We tried very hard to make it a ‘people’ picture. – Director Joe Alves
One of the worst visual effects shots ever put to screen in a big budget movie is saved for last: the shark’s attack on the control center beneath Sea World. Armstrong and Quaid scream in slow motion as they watched an immobile toy shark swiped from the Sea World souvenir shop glide toward the giant window. Its tail never moves–just slowly gliding toward the camera, never gaining in size as apparently 3D screws with depth perception. Glass suddenly shatters and well, it looked like this.

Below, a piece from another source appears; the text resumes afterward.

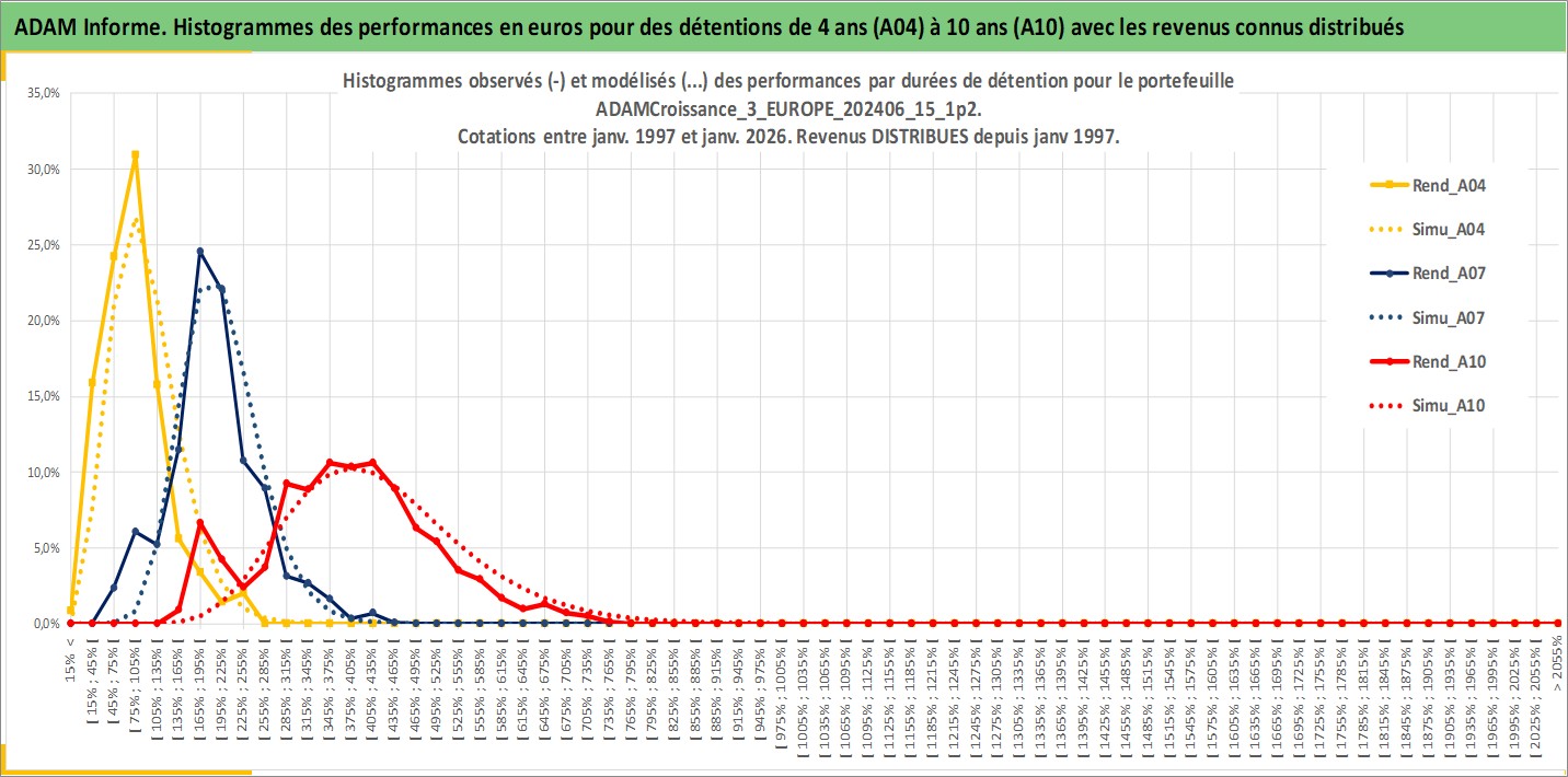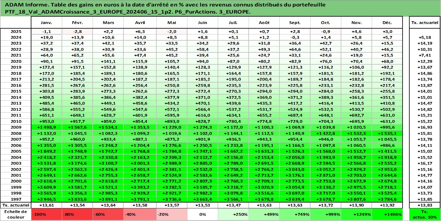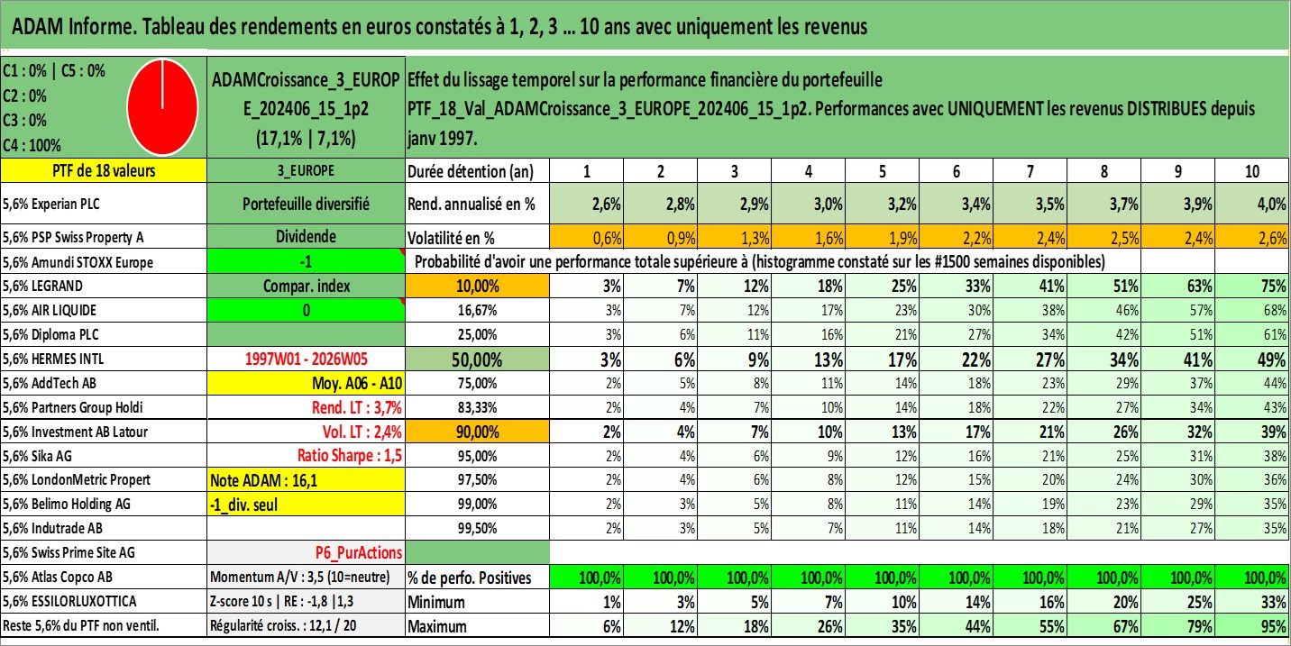 Site dédié aux investisseursPage dédiée sur site financeAnalyse des valorisations hebdomadaires du portefeuille ADAMCroissance_3_EUROPE_202406_15_1p2_18actifs avec un profil P6_PurActions. Ce portefeuille est cote en EUR. Les valorisations couvrent les semaines 1997W01 a 2026W05. Les revenus de cet actif financier sont pris en compte depuis la semaine 1997W01. La note globale ESG de cet actif est estimee a 12.9 (apres rebasage entre 0 et 20).

Lansburg pulled the plug on electronic compositing the very day that shot was scheduled to be completed. When that scene was shot, it was with a combination of a rear-lit screen and front-lit cloth. We told them at the time that it would be a real bitch to pull a film optical because the level of green are different. – David Hogan, Jaws 3D Effects Designer
Just when you thought it couldn’t get any worse, the shark is killed by a yellow grenade still in the dead hand of Simon MacCorkindale — half of his body is sticking out of the shark’s throat while it’s wedged in the control room tower. The open space around the fish shows it could pull free. If it was able to reverse out of a giant filtration pipe, why is a broken window giving a four ton, 35 foot living locomotive trouble?
After seeing this in theatres in 1983, a patron exiting ahead said, “That was pretty good.” This gets us closer to Cynema—if this film had been anything but a Jaws movie it could be accepted–whether a cheesy, B movie shark run amok knockoff or a bad monster from the sea ripoff like the deliciously awful Up From the Depths.

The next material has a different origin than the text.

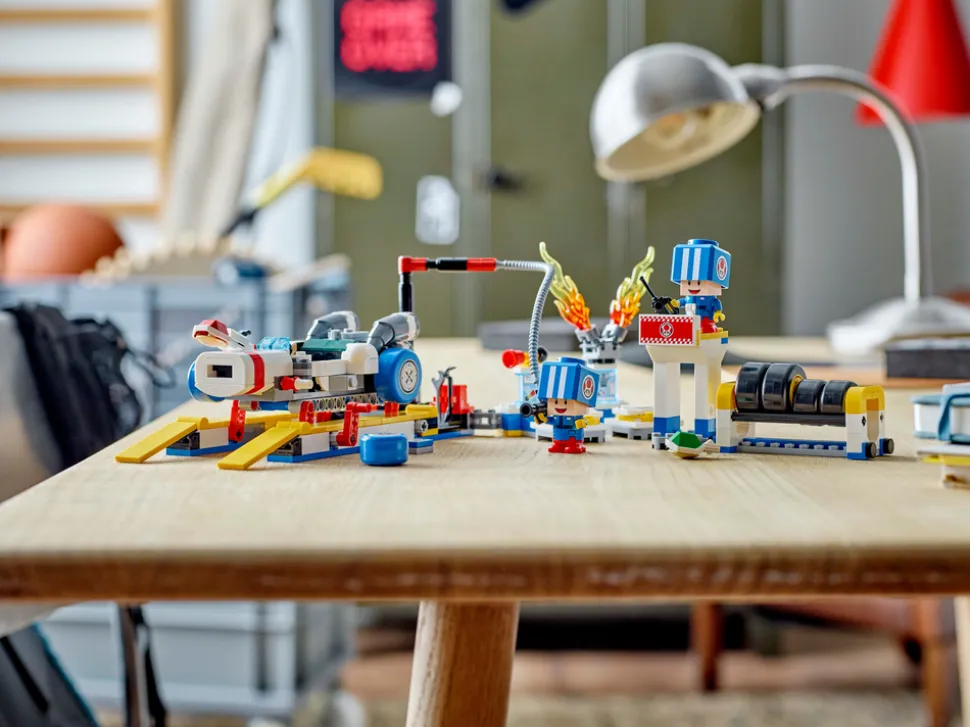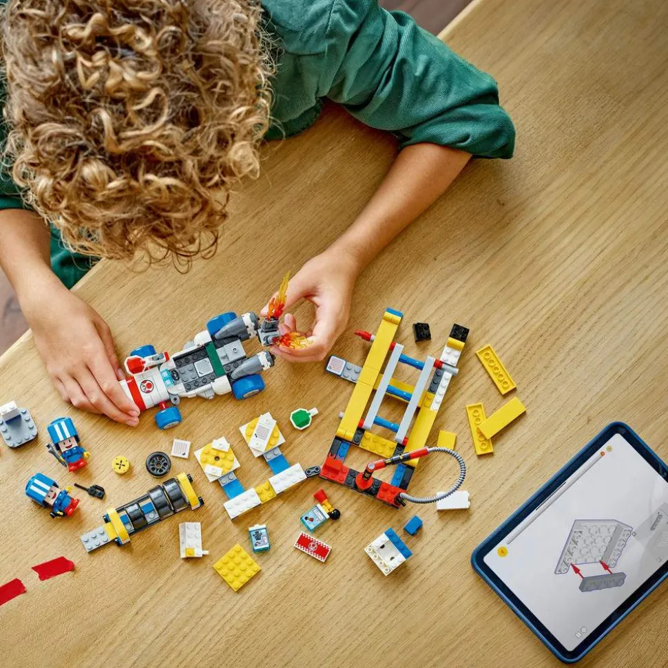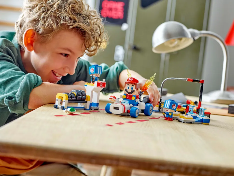 - Gaveidé med Nintendo®-figurer – med dette LEGO® Super Mario™: Mario Kart™ lekesettet som kan tilpasses, kan barn rolleleke at de er en del av depotteamet som klargjør en B Dasher for actionfylt racing på Toads verksted

[Jaws 2} didn’t carry the flop sweat ambiance provided by this film’s reliance on a half-assed gimmick like 3-D. – Ken Begg, Jabootu’s Bad Movie Dimension
Jaws and Jaws 2 were released in June, which gave the rest of the summer for business. Jaws 3D was released at the end of August, 1983, pulling what is called a “hit and run” in the industry. It was not screened for critics but by throwing it out there at the end of summer, Universal knew there was a bankable percentage of Jaws fans that would see the film. They would come within the first ten days of the film’s release. Once bad worth of mouth got around, the film would have made a profit or at least broke even and everything else was gravy.
Jaws 3D was one of the top five grossing pictures for 1983 and was pulled from circulation while it was still making a few bucks. The studio wanted it out of mind once it made a return and that’s exactly what they did.

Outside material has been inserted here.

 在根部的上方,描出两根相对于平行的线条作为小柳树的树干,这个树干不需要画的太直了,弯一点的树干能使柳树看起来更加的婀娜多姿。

The Hit and Run Strategy is more a general approach to a gambling session, than a system for a specific casino game. As the name suggests, the Hit and Run Strategy is more a guerilla style attack on the casino. In its simplest form, you take a short term approach to your gambling and lock-in any short term by profits by leaving when you are up. Gambler’s Handbook
The worst effect from Cynema is the conditioning of the audience to lose the ability to differentiate between bad filmmaking and cynical filmmaking. In fact, they soon lose the ability to recognize great filmmaking. Cynema numbs us into an acceptance of whatever we are told is good, when it should be bad.
Just accept it. Don’t demand better. Cynema depends on it.